El anciano hizo un gesto de despedida con la mano y le señaló la puerta. Max Kellogg se levantó y salió de la biblioteca. El director llamó a un ayudante y le ordenó que enviase un telegrama en clave a Londres, a nombre de Joe Roth, clasificado «tan sólo para sus ojos». El texto rezaba, escueto:

Regresa de inmediato. Misma ruta. Preséntate a mí. Mismo sitio.

El mensaje estaba firmado con la palabra en clave que le diría a Roth que provenía del director de la CIA en persona.

Las sombras sobre Georgetown se aumentaron en aquella noche de verano, al igual que, cada vez más, las sombras se extendían por los pensamientos del anciano. El director de la CIA permaneció a solas en su biblioteca; meditaba sobre los viejos tiempos, recordando a amigos y a compañeros, a hombres y mujeres, todos ellos jóvenes brillantes, que él mismo había enviado al otro lado del Atlántico, y que habían muerto durante los interrogatorios por culpa de un soplón, de un traidor. No existían las excusas en aquellos tiempos, no había ningún Max Kellogg que se preocupase de buscar las pruebas contundentes después de un trabajo abrumador.

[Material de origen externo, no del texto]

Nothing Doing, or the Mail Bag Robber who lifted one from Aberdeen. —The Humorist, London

Y tampoco existía el perdón en aquellos días; al menos, no para un denunciante. Se quedó mirando fijamente la fotografía que tenía delante.

—¡Hijo de puta! —exclamó, pronunciando con lentitud cada palabra—. ¡Hijo de perra, traidor!

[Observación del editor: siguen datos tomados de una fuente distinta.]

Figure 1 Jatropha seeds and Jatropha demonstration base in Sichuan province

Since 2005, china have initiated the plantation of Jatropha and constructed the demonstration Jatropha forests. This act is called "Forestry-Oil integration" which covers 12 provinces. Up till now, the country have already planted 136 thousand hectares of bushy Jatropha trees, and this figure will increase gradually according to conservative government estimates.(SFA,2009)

Al día siguiente, un mensajero entró en el despacho de Sam McCready, en la Century House, y le dejó un mensaje del departamento de claves sobre el escritorio. McCready estaba muy ocupado, por lo que hizo un gesto a Gaunt, indicándole que lo abriera. Éste lo leyó, emitió un silbido y se lo pasó. Se trataba de una orden de la CIA impartida desde Langley. Durante sus vacaciones en Europa, a Calvin Bailey le estaba prohibido el acceso a toda información de índole confidencial.

—¿Orlov? —preguntó Gaunt.

—Por supuesto —contestó McCready—. ¿Qué demonios habrá hecho para convencerlos?

En ese momento, McCready tomó su propia decisión al respecto. Utilizó un buzón falso para enviar un mensaje a Recuerdo, pidiéndole una entrevista lo antes posible.

A la hora del almuerzo, en uno de esos mensajes de rutina que enviaba la división de Vigilancia de Aeropuertos, perteneciente al MI-5, le informaron de que Joe Roth había salido de nuevo de Londres en dirección a Boston, utilizando el mismo pasaporte falso.

Esa misma noche, habiendo ganado cinco horas al cruzar el Atlántico, Joe Roth se encontraba sentado ante la mesita de la biblioteca, en la mansión del director de la CIA. Éste se había sentado frente a él y tenía a Max Kellogg a su derecha. El anciano tenía una expresión siniestra, mientras que Kellogg se veía simplemente nervioso. Cuando llegó a su casa, en la ciudad de Alexandria, se metió en la cama y aún le dio tiempo de dormir veinticuatro horas hasta que recibió la llamada en la que se le ordenaba regresar a Georgetown. Había dejado todos sus documentos en la casa del director, pero los tenía de nuevo ante él.

—Comienza de nuevo, Max. Desde el principio. Explicándolo todo como me lo contaste a mí.

Kellogg echó una mirada a Roth, se ajustó las gafas y cogió un pliego de encima del montón de legajos.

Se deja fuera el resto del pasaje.